James, While I understand that some people still love their PADs I can't watch somebody being sent that direction without saying something. I too used PADS PowerPCB through the better part of the 90's and it was my system of choice at that time. Today I shake my head and wonder what has happened besides the constant change of ownership and rebranding of PADs. I take issue with Tod's comment that PADs is the best from Mentor, yeah right and I am the tooth fairy. He obviously doesn't want a real, modern, useful system or he wouldn't have ditz'd Expedition with his comment.
First word of caution, stay away from PADs Logic, it is a piece of shit that PADs gave away free all through the 90's as a freebie if you bought the PCB package. Even when I used PADs as my system of choice I never once met anybody that used PADs Logic, that should tell you something. Everybody got it free but they would go out and spend more money to buy something else, usually OrCAD originally, some Protel later. Today Mentor is charging $1500 for it and there has been no visible development done on it since the very early 90's, it is archaic and crude.
For schematic capture you could use OrCAD as suggested or your could try and get an old version of Protel just to use the schematic. It is very close to OrCAD's schematic. Originally when I first used PADs I was using DOS OrCAD Capture, a short while later we switched to Protel for schematic since it was Windows based and superior to the DOS OrCAD capture at that time.
Second word of caution, I have recently heard from some people supposedly in the know, that PADs is on the move again. This is unsubstantiated rumor but the word is that PADs is moving to some 'entity' called Millenium. What or who Millenium is I don't know. Is it a prospective purchaser, a new division of Mentor or an old age home convalesence home for a tired old CAD package who knows. Is it in N.A. or Bangalore India, I don't know.

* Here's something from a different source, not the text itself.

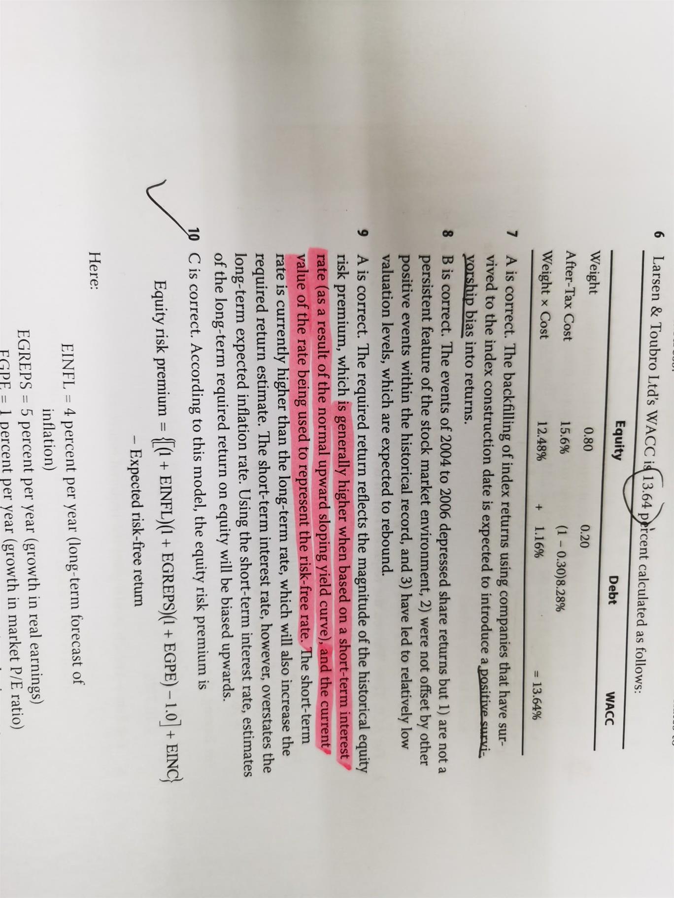 第9题 答案红色部分怎么理解?什么是用短期利率估算的required return一般都较高?

I can understand your comments about Altium, I am a Protel/Altium user myself but on the other side of the CAD tools. I also periodically still use PADs in my present employment and I fear each time I am going to have to use it. Part of that is the loss of familiarity with the package over the last almost 10 years (used Accel/PCAD Jr. for a few years and more recently P99SE) but the rest of it comes from the fact that it is still a DOS engine running under the very same ole phoney GUI developed back in the mid 90's. The manner of dealing with rules is arduous and limited, copying and pasting between databases is difficult and varies depending on what you are copying. The ability to accurate copy and place fine detail is solely reliant on your ingenuity at inventing way to reference those copied bits between databases. Importing mechanical details in DXF format is painful and you must be very precise in how you configure the DXF or it will simply blow up. You must configure the DXF import as though it is a PADs export to DXF. Don't feel too comfortable about opening multiple designs with PADS, remember it is still a DOS engine under the hood, there are all sorts of non-windows compliant issues especially with multiple windows running. In short, give it a good test drive before even looking at the purchase contract.
Personally if I were looking myself, Zuken would get a real good looking over and test drive. Don't just play with their canned demo designs. Do a small but semi-complicated design yourself, from start to finish. Find their user forum (Yahoo, Google or company run) and seek out actual users comments. Would those users purchase it today if they were looking at it fresh? Other than Zuken I would check out Mentor Expedition if my company was willing to spend roughly double the money but get a good working tool that can handle most anything you can throw at it technology wise today or tomorrow.